Peter van der Merwe
- Peter van der Merwe after the Fifth Test in 1966–67

Personal information
- Full name: Peter Laurence van der Merwe
- Born: 14 March 1937 Paarl, Cape Province, South Africa
- Died: 23 January 2013 (aged 75) Port Elizabeth, Eastern Cape, South Africa
- Batting: Right-handed
- Bowling: Slow left-arm orthodox
- Role: All-rounder
- Relations: JHB Waite (brother-in-law)

International information
- National side: South Africa;
- Test debut (cap 220): 6 December 1963 v Australia
- Last Test: 24 February 1967 v Australia

Domestic team information
- 1957–1958: South African Universities
- 1958–1966: Western Province
- 1966–1969: Eastern Province

Career statistics
| Competition | Test | FC |
| Matches | 15 | 94 |
| Runs scored | 533 | 4,086 |
| Batting average | 25.38 | 29.18 |
| 100s/50s | 0/3 | 4/23 |
| Top score | 76 | 128 |
| Balls bowled | 79 | 6,221 |
| Wickets | 1 | 82 |
| Bowling average | 22.00 | 25.70 |
| 5 wickets in innings | 0 | 3 |
| 10 wickets in match | 0 | 0 |
| Best bowling | 1/6 | 6/40 |
| Catches/stumpings | 11/- | 73/- |
- Source: CricketArchive, 23 January 2013

= Peter van der Merwe (cricketer) =

South African cricketer (1937–2013)

Peter Laurence van der Merwe (14 March 1937 – 23 January 2013) was a South African cricketer. He played in fifteen Tests from 1963 to 1967, captaining South Africa to series victories against England in 1965 and Australia in 1966–67.

==Life and career==
Peter van der Merwe was born in Paarl, Cape Province, and educated at St Andrew's College in Grahamstown and at the University of Cape Town. He began playing first-class cricket as a left-arm spinner for South African Universities, and was the principal spinner in the South African Fezela XI that toured England in 1961. He batted right-handed.

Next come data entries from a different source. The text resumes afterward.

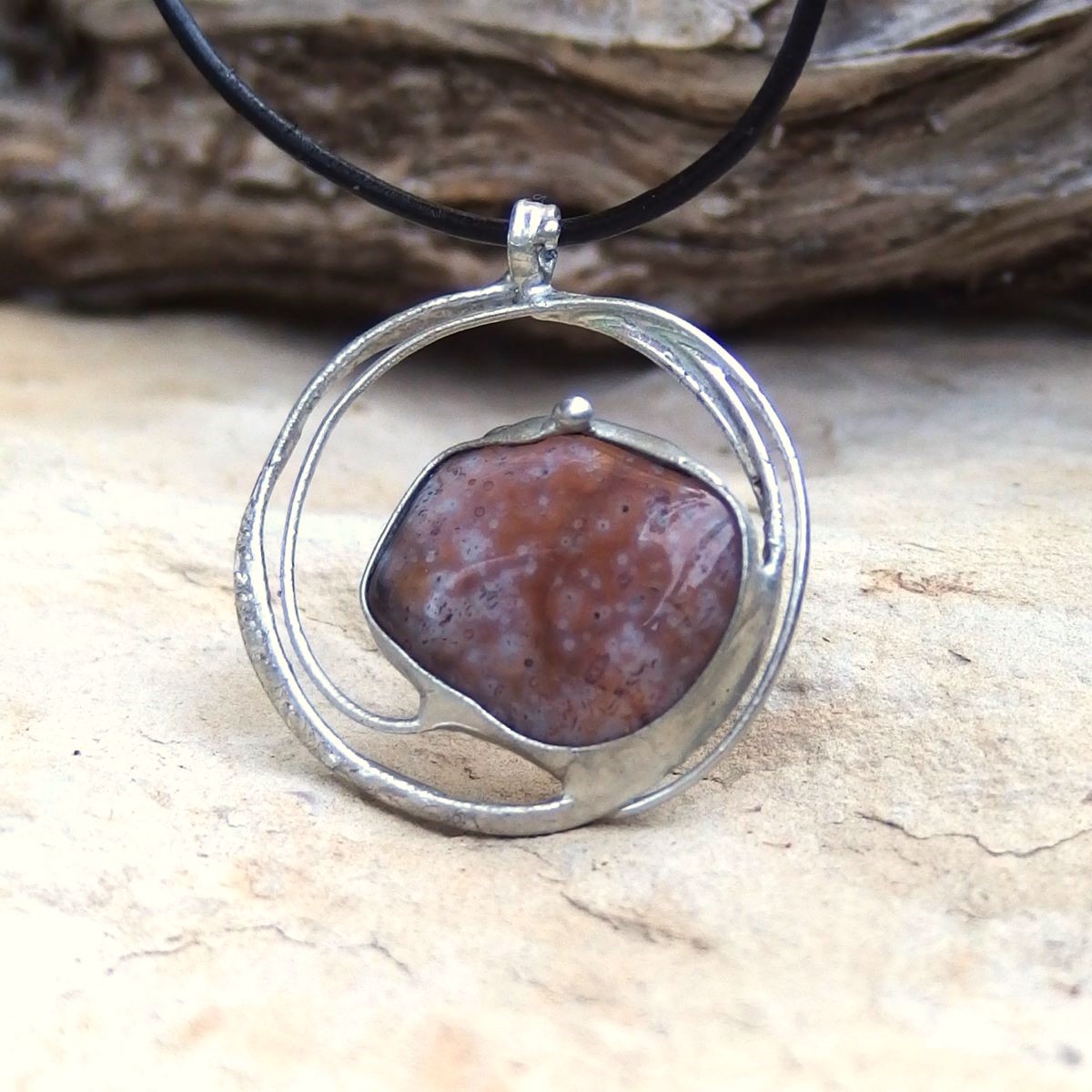 Cínovaný náhrdelník spuntíkatým achátem.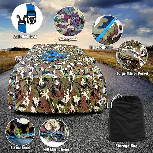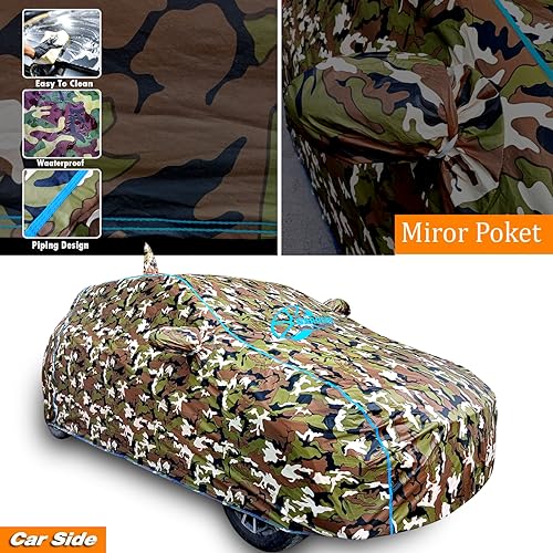 CUSTOM FIT PROFESSIONAL DESIGN- This cover is custom-fit and specially made to fit to your car model. Windproof strap fix your auto cover properly and hold it well in heavy windy weather. Our covers are triple coated interlock stitched with separate Mirror Pocket HIGH REFLECTIVE UPPER LAYER- High Reflective layer helps to keeps car cool on hot days. It protects car from harmful UV rays and keeps car less warm than any other cover COMPLETE PROTECTION- No Matter The Hot Sun Or The Cold Weather. Our Car Covers Can Handle It All. The Powerful material keeps your car safe from UV Rays, Sand, Dust, Leaves, Branches, Snow, Rain, Frost, and Birds Dropping; PREMIUM MATERIAL-Made from a robust imported American fabric with soft cotton lining. It is Waterproof which is great for rainproof & snow proof Please be ensure before purchase if first image cover has antena mention then we provided with antena these image are shown in the add is actually car of this cover if antenna is not available than don’t expect we are made with antenna,if available in the image we are made with antenna pouch cover also you can read description before purchase Water Resistance Level: COMPLETE WATERPROOF UV RAY DUST DING HUMIDITY MONSOON HARM PARTICLES THESE ALL PROTECTION IN THIS COVER NO ANY COLOR STAIN ISSUES WITHOUT ANY HESITATE BUY IT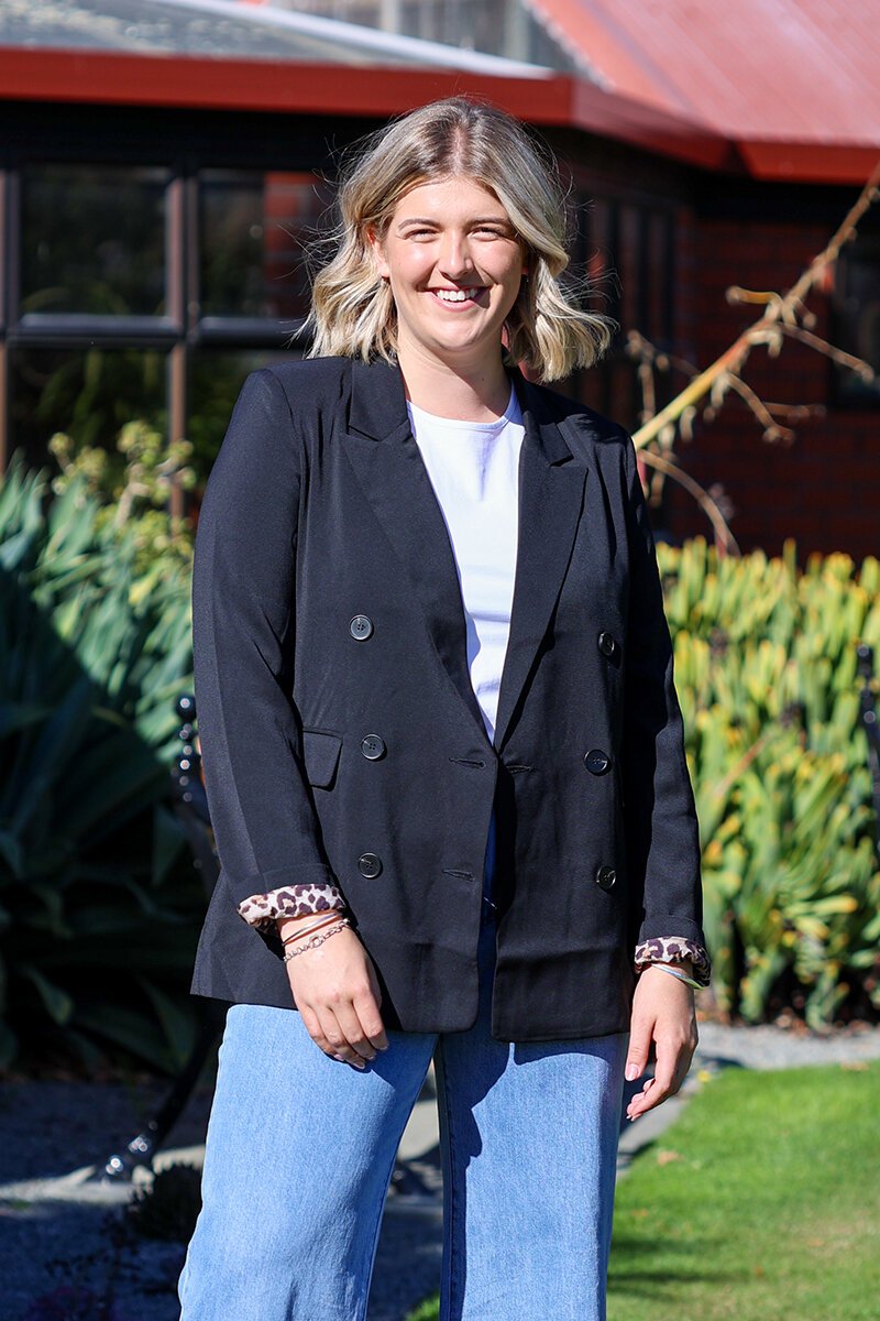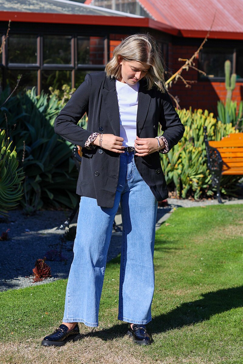 The Fria The Label Leopard Lined Blazer takes classic tailoring up a notch with a bold animal print lining. The double-breasted silhouette gives it a polished feel, while the contrast lining adds a fun twist when you roll up the sleeves. Whether styled for the office or thrown over denim for an elevated casual look, this blazer is the perfect mix of structured and statement-making.

As his batting improved, his bowling declined, and he did not bowl at all in first-class cricket after the tour to Australasia in 1963–64. In 1960 he helped raise money to enable Basil D'Oliveira to travel to England to play professional cricket, by organising a team of white players to play a match against a team of non-whites captained by D'Oliveira.

Van der Merwe played for Western Province from 1958–59 to 1965–66, then for Eastern Province from 1966–67 to 1968–69, captaining each team. His leadership qualities led to several appointments above more experienced players and more successful batsmen: he first captained Western Province at the age of 23; he was selected as vice-captain of the touring team to Australasia in 1963–64 at 26 despite having never played a Test; he captained the team to England in 1965 having played only 7 Tests and making only 198 runs at an average of 24.75. The 1965 team won the three-match series 1–0, and although he made only 110 runs in the Tests at 18.33, he was appointed captain for the home series against Australia in 1966–67, when he enjoyed his most successful series as a batsman, batting at number seven or eight and scoring 225 runs at 32.14.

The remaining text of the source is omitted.